63º FESTIVAL DE CANNES

Outrage, Takeshi Kitano, Japão, 2010
(COMPETIÇÃO)


Elementar

Outrage
pode não ser o melhor filme do festival, mas é muito provavelmente o mais divertido de todos. E também é o que tem o personagem mais engraçado: o embaixador de um país africano no Japão, que se vê obrigado pela máfia a abrir um cassino no local da embaixada, onde o jogo é uma atividade legalizada. Não existe praticamente nenhuma cena no filme inteiro em que algum personagem não esteja apanhando ou morrendo, e uma das melhores é quando Otomo (interpretado pelo próprio Kitano) ataca um personagem rival em pleno consultório odontológico. A câmera está em plongée zenital sobre o personagem deitado na cadeira reclinada. Otomo chega e após um curto plano/contraplano entre ele e o personagem deitado, com a câmera sempre em posição zenital (180º em relação ao chão), vem o ataque na boca do personagem, que é cerrada com algum instrumento médico. O sangue salta como uma pequena mancha que vai crescendo e borrando aquele quadro límpido, numa redução dos elementos a um mínimo elementar – sua composição meramente plástica e sua disposição geométrica dentro quadro.
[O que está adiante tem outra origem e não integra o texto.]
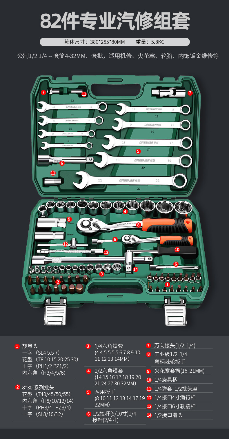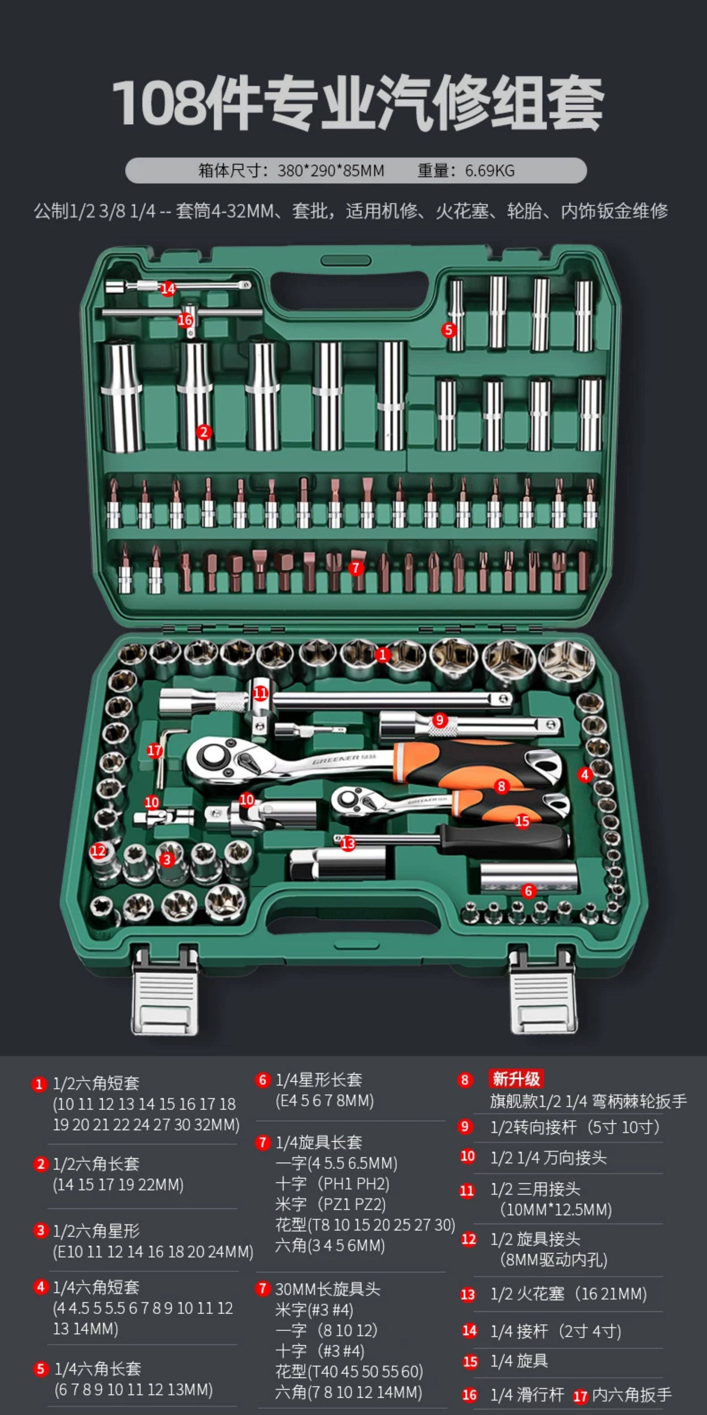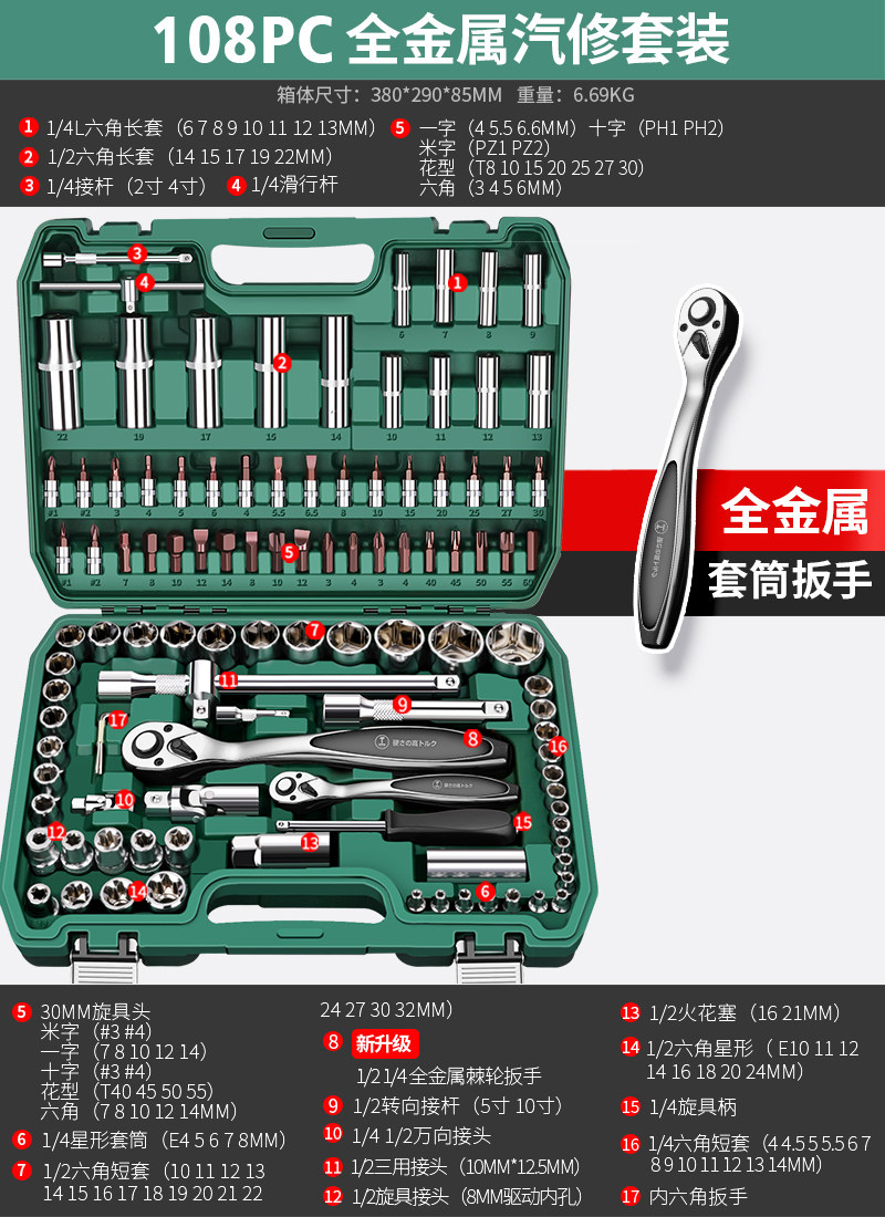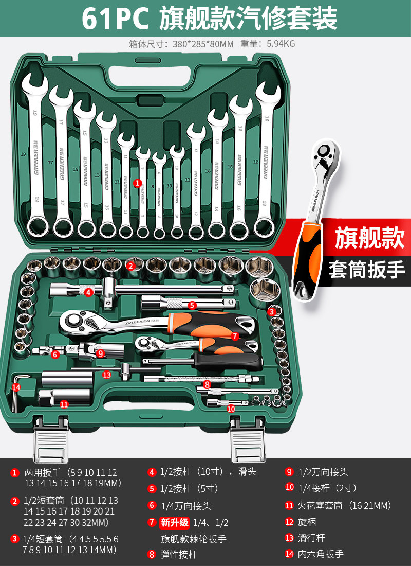 升级72齿弯柄汽修32件套
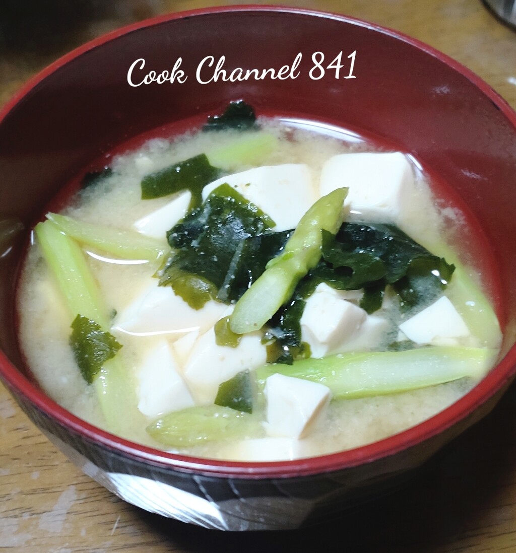 豆腐とワカメとアスパラのお味噌汁
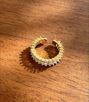 A one-size adjustable bangle adorned with various colourful and shaped stones for a chic and playful feel.
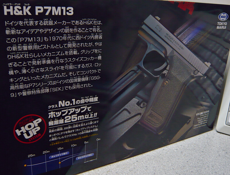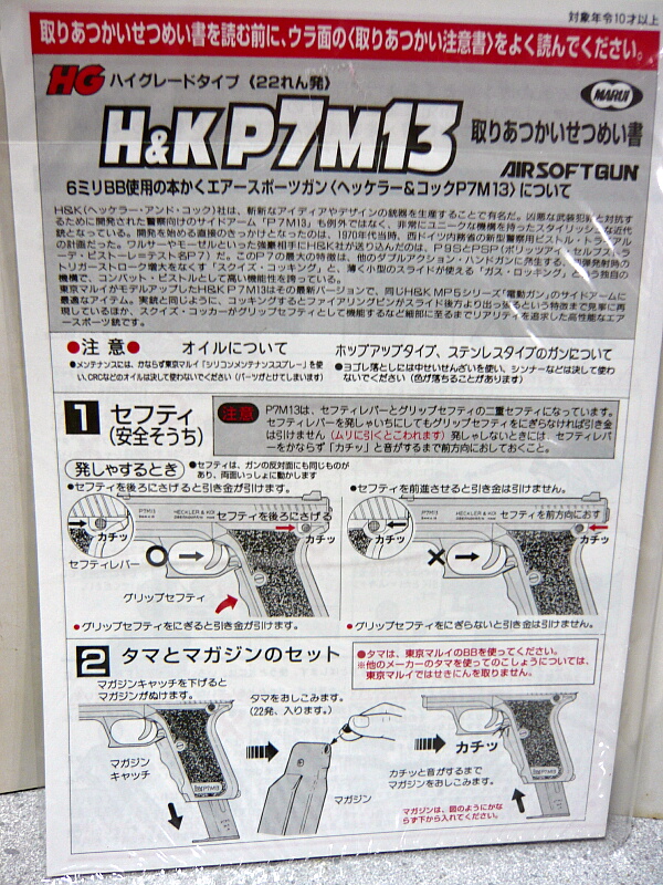 このP7M13も18歳以上用HOPなし版を昔持っていました。買ってすぐMr.カラーの104ガンクロームで塗装した上にクリヤーコートまで掛けたのですが、銃自体あまり使いやすくないのであまり触らず、存在が空気化してしまい結局まとめて手放した中に含まれて出て行ったのでした―――

É uma cena (um plano, mais precisamente) que capta bem o humor do filme de Kitano, seu sentido gráfico de redução (formas e contornos, ou: como, de que maneira, matar um personagem?). Há bastante em comum entre este e os últimos filmes do diretor (Aquiles e a Tartaruga e Glória ao Cineasta), que também eram compostos quase que exclusivamente de gags puras, quase naifs. Mas é sobretudo a montagem o que coloca Outrage muito à frente de seus filmes mais recentes. Apesar do fato de que é o próprio Kitano quem geralmente monta seus filmes, ela talvez nunca tenha sido tão fluida como aqui. As seqüências são como blocos rigorosos que parecem ter todos a mesma exata duração, num efeito de superposição que reforça a redução elementar não só dos elementos do quadro, como da própria trama (a velha história de cães e gatos da máfia que procuram se superar entre si para subirem na hierarquia, matando uns aos outros). A violência é suave, pura, transparente, e o humor vem justamente do confronto da câmera com este óbvio.